What to work on: Print nothing except the lines of the listing below from the line with "مميزات الالتحاق بمدرسة" to the line with "Özel vakumlu tırmanma", each exactly as written, both ends included.

Supplied records:
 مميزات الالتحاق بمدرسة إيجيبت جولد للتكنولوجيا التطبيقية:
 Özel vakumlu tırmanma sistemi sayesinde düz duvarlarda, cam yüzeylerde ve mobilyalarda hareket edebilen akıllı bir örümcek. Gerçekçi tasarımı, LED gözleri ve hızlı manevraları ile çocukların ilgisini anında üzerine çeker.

...

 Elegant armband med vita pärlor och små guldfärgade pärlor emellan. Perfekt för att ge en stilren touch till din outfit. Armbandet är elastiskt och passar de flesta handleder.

Response to this exercise:
 مميزات الالتحاق بمدرسة إيجيبت جولد للتكنولوجيا التطبيقية:
 Özel vakumlu tırmanma sistemi sayesinde düz duvarlarda, cam yüzeylerde ve mobilyalarda hareket edebilen akıllı bir örümcek. Gerçekçi tasarımı, LED gözleri ve hızlı manevraları ile çocukların ilgisini anında üzerine çeker.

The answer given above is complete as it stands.